Pero hay que matizar, para ser justos. El portavoz del Vaticano ha querido aclarar que la Iglesia
católica está en contra de "todas las legislaciones penales violentas o discriminatorias respecto
a los homosexuales". Es decir, la Iglesia de Roma se declara en contra de la penalización y de
la discriminación, pero también en contra de pedir que se acabe con toda penalización y
discriminación. ¿Pues quién lo entiende?
¿No será esa misma la razón por la que, muy recientemente, el papa Benedicto XVI ha ordenado
a los obispos que no admitan al sacerdocio a ningún varón con prácticas homosexuales o con
tendencia homosexual "arraigada", y a ningún defensor de la cultura gay? Los sacerdotes han
de ser muy célibes, pero muy viriles.
El argumento bíblico es siempre resbaladizo y nunca definitivo. Por ejemplo, en este caso: ¿por
qué el texto citado del Levítico tendría más valor que aquel otro en que prohíbe comer carne de
camello, conejo, liebre y cerdo (Levítico 11,4-8)?

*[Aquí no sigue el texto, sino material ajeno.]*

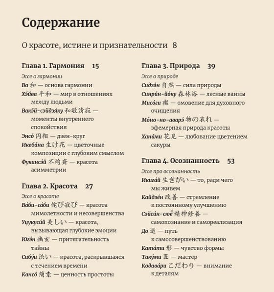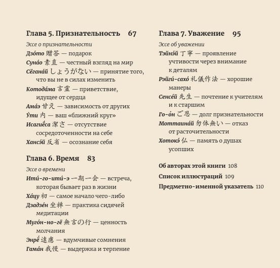 В книге лингвиста Мари Фудзимото рассказывается о 43 базовых ценностях японской культуры, которые помогают понять себя, стать ближе к природе, примириться с течением времени и улучшить отношения с близкими. Среди этих понятий есть и широко известные, например кайдзен, ваби-саби, икигай, и практически незнакомые нам хансэй, сунао, сибуи и многие другие. Текст дополняют хайку великого Мацуо Басё, поэтические эссе влюбленного в Японию южноафриканца Дэвида Баклера и работы признанного мастера черно-белой фотографии Майкла Кенны.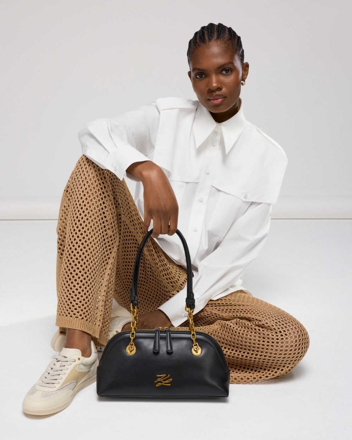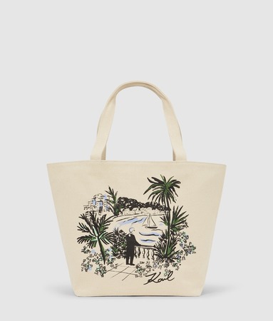 Отдельного внимания заслуживают «пляжные» варианты — невесомые, но сохраняющие статусность и узнаваемость бренда: капсула Ikon Mesh — это воплощение летнего гламура и беззаботного шика. Сетчатый материал, голубые и черные полоски с сочными оранжевыми вкраплениями и игривые брелоки в виде морских обитателей в солнечных очках — оммаж утонченному юмору, присущему самому Карлу.

¿Y por qué el texto de Pablo tendría más valor que aquel otro en que prohíbe que el varón ore o
predique con la cabeza cubierta (los obispos predican con la mitra puesta...) y manda, por el
contrario, que la mujer ore o predique (sí, que predique...) con la cabeza cubierta (1 Corintios
11,2-16)?
¡Que la jerarquía católica -siguiendo a tantas iglesias protestantes, a tantos movimientos y redes
cristianas católicas- se convierta a Jesús, aquél que declaró: "El sábado está hecho para la
persona, no la persona para el sábado"!
¡Que reconozca por fin que toda relación sexual es siempre santa si dos personas se quieren y
no hacen daño a otra tercera, y punto! ¡Que humildemente pida perdón a gays y lesbianas por
haberles causado durante siglos y siglos tanto dolor físico, psíquico, espiritual, por haber herido
gravemente su dignidad y autoestima, por haber cargado sobre ellos el estigma de la perversión,
del pecado mortal y del miedo al infierno!
¡Que declare solemnemente el sagrado derecho y el santo deber que tienen los gays y las
lesbianas de ser y quererse como son, sentir como sienten y amar como aman!
¡Que se ponga al frente de la ONU y grite más alto que Isaías, tan alto como Jesús, en nombre
de Dios: ¡que han de acabar para todos -homosexuales y heterosexuales, aunque fueran
delincuentes- todas las penas, todos los castigos, e incluso todas las cárceles! ¡Que la Iglesia de
Jesús crea más en el poder de la bondad que en el poder de las penas!